▸ WORK TO BE COMPLETED
Type the data below again exactly. Omit all pictures.

----------

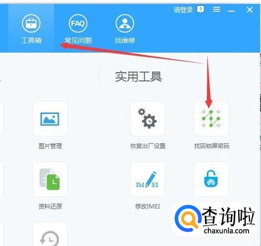 手机连接电脑成功后,我们点击顶部的“工具箱”进入,我们会看到有“找回锁屏密码”的功能。
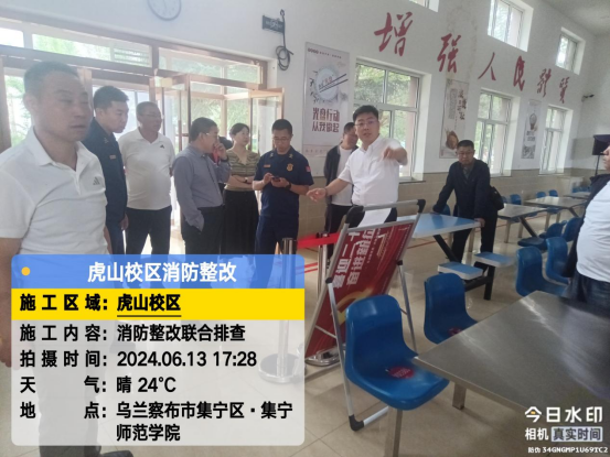 6月13日,beat365官网党委委员、副校长拓俊杰一行与消防部门联合排查虎山校区消防整改工作。
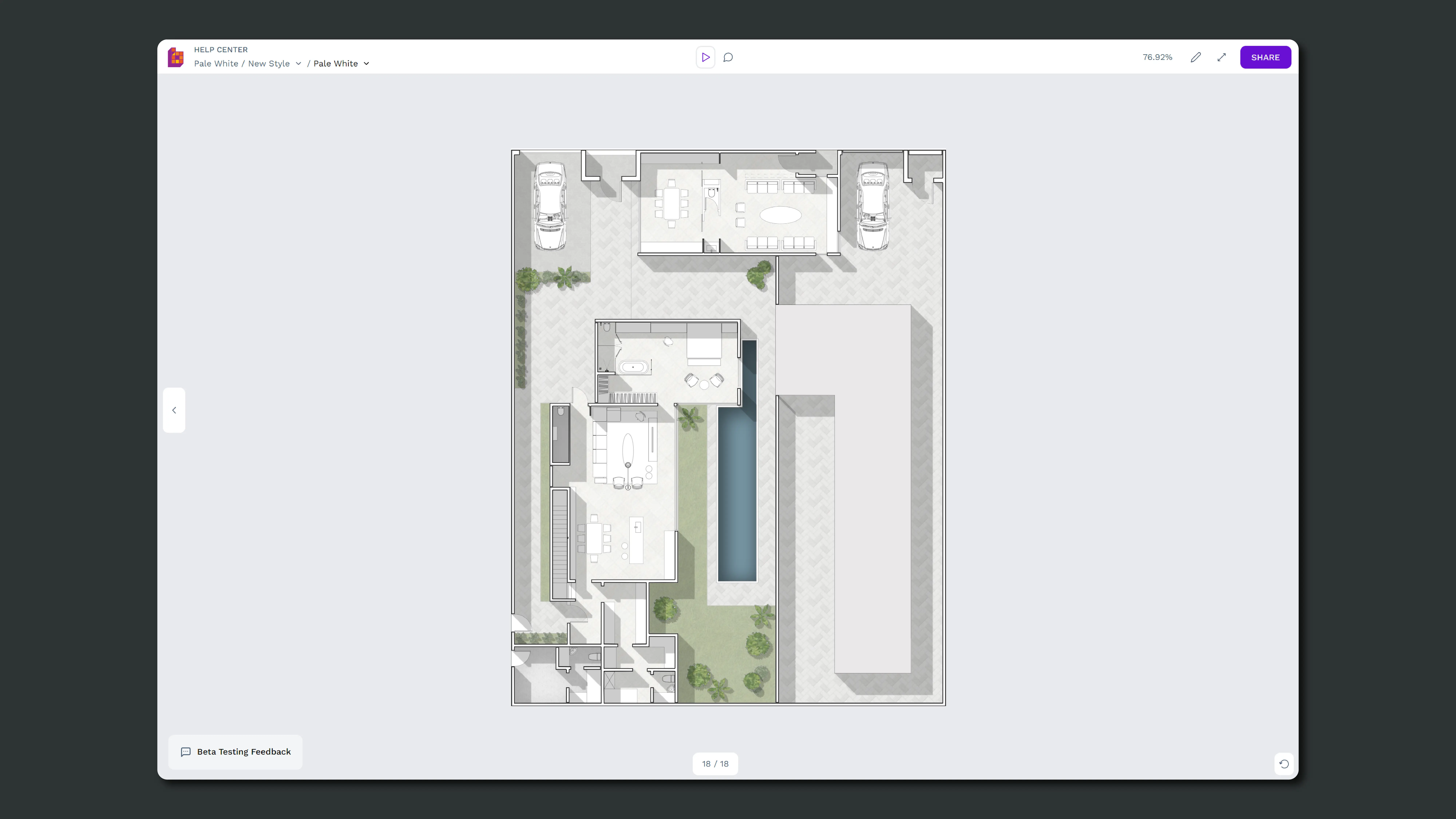 - Share prototype: Create shareable links of the view mode to send it to developers, other designers or stakeholders, so they can view the designs and access the code specifications regardless of being at your team or even logged at bildigo.
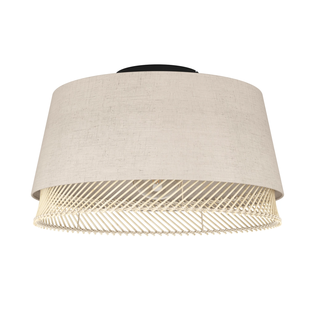 Collezione TABLEY ILLUMINA CON RAFFINATEZZA La plafoniera TABLEY Vintage - Decò ha una struttura in Acciaio Nero con diffusore in tessuto natural, marrone.. 1 luce E27 (non inclusa) IP20 adatto per Cameretta - Bambini, Soggiorno - Sala da Pranzo. Dimensioni: 23,5x38cm
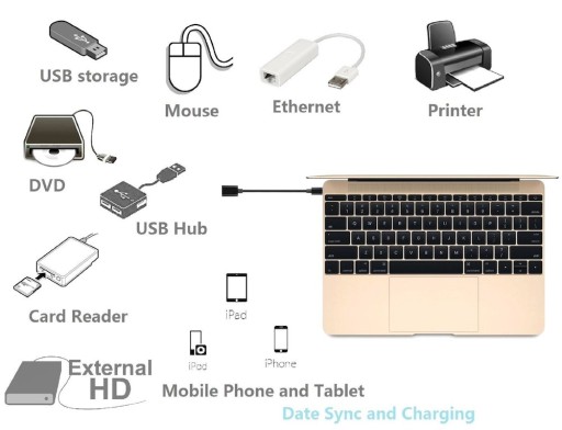 - Do podłączania zewnętrznych urządzeń USB z gniazdem C np. smartfon / tablet, HDD/SDD ) do Komputera / Laptopa z portem USB-A lub ładowarki USB - jednokierunkowy

----------

▸ RESULT OF THIS TASK
 手机连接电脑成功后,我们点击顶部的“工具箱”进入,我们会看到有“找回锁屏密码”的功能。
 6月13日,beat365官网党委委员、副校长拓俊杰一行与消防部门联合排查虎山校区消防整改工作。
 - Share prototype: Create shareable links of the view mode to send it to developers, other designers or stakeholders, so they can view the designs and access the code specifications regardless of being at your team or even logged at bildigo.
 Collezione TABLEY ILLUMINA CON RAFFINATEZZA La plafoniera TABLEY Vintage - Decò ha una struttura in Acciaio Nero con diffusore in tessuto natural, marrone.. 1 luce E27 (non inclusa) IP20 adatto per Cameretta - Bambini, Soggiorno - Sala da Pranzo. Dimensioni: 23,5x38cm
 - Do podłączania zewnętrznych urządzeń USB z gniazdem C np. smartfon / tablet, HDD/SDD ) do Komputera / Laptopa z portem USB-A lub ładowarki USB - jednokierunkowy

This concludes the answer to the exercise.